Got It Dave; I Can Do That

While it strikes me as a little late to the party, the New York Times has picked up on the trend of "prompt injection" into résumés. The idea is, put simply, that job seekers are placing generative automation prompts into their résumés, hiding them by using white fonts on white backgrounds. When an employer's applicant tracking system (ATS) reads the document, it encounters the prompt, and acts on it.

I'm going go out on a limb here (although I'm convinced it's a very sturdy one, and say that this doesn't actually work, and hasn't for some time, if it ever did (which, honestly, I'm dubious about). It's always being presented as a clever job application hack, but in reality, it would be an enormous security flaw.

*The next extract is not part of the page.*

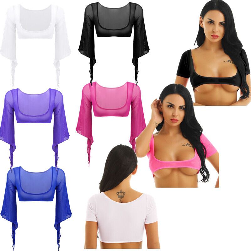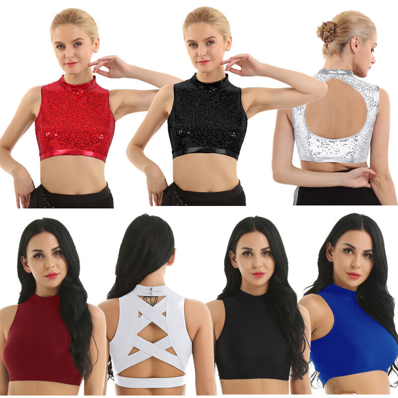 Women’s elegant dance crop top for ballet dance stage performance workout, pull on closure.

In the New York Times article, no-one in recruiting comes out and says that their generative automation systems had ever been successfully controlled by an injected prompt... the anecdotes all come from job seekers who claim to have landed interviews by having done it, or are simply counts of attempts. There are no quotes from engineers or the ATS companies. So this is really a story about people's perceptions of what's going on in systems. And that's worth keeping in mind.

Because if someone could hide a prompt in a random document and have a reasonable expectation that a system would act on that, it would be threat actor heaven. Why bother with social engineering or doing the work to find zero-day exploits when spamming a company with résumés could reliably result in an applicant tracking system opening a back door, exfiltrating data on all of the other applicants or sending over login credentials? It's worth understanding that not all of these systems are home-grown. If companies were selling systems this easily controlled by outside actors, there would have been highly-publicized lawsuits by now, especially considering these attacks have been talked about for months already.

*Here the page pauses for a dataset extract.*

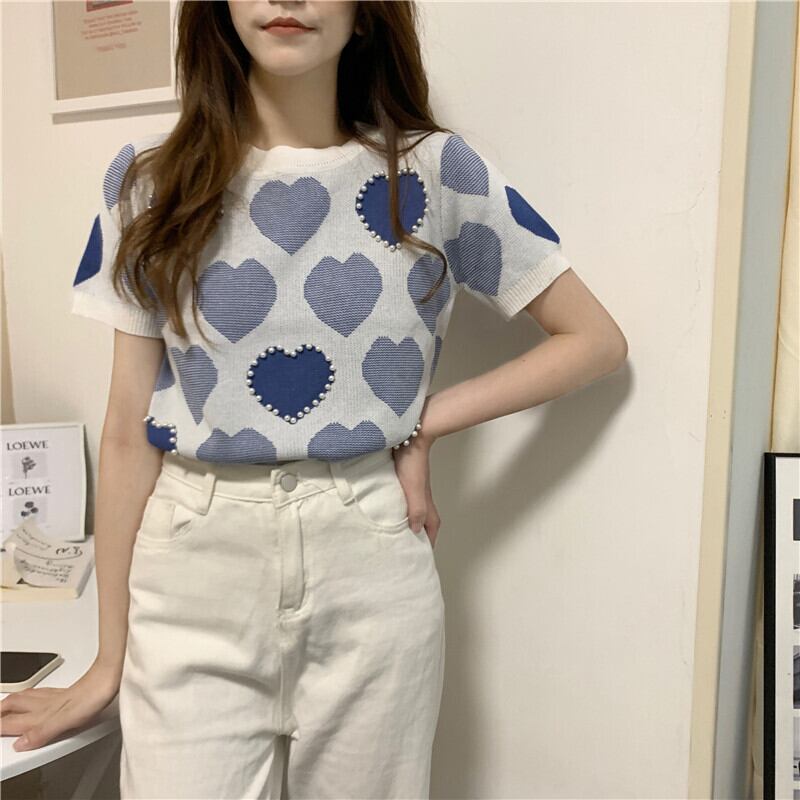 ニットショートTシャツ サマールーズトップス 夏物 タオタオイ70553873163

And if this sort of thing worked, "A.I. poisoning" (mention of which is conspicuously absent) would be trivially easy, because it's not hard to hide messages in various forms of media. Steganography goes back to 400 B.C.; hiding machine-readable messages in files is nothing new, given that the bulk of most computer documents is machine-readable code that most human users never see. Sanitizing inputs is not something companies are just now figuring out.

These stories peddle a message of hope (There are jobs out there, and you can get them if you're smart!) and affirmation (You're cleverer than the idiots in corporate HR departments.), and play on people's suspicions that "A.I." is not all it's cracked up to be. But by focusing tightly on job seekers, and not potential threat actors, articles like this New York Times piece ignore the fact that if this has been taking place since "the first half of the year" it would no longer be a zero-day exploit. It would have been patched by now. Technology stories that avoid educating people on how technology actually works don't do anyone any good.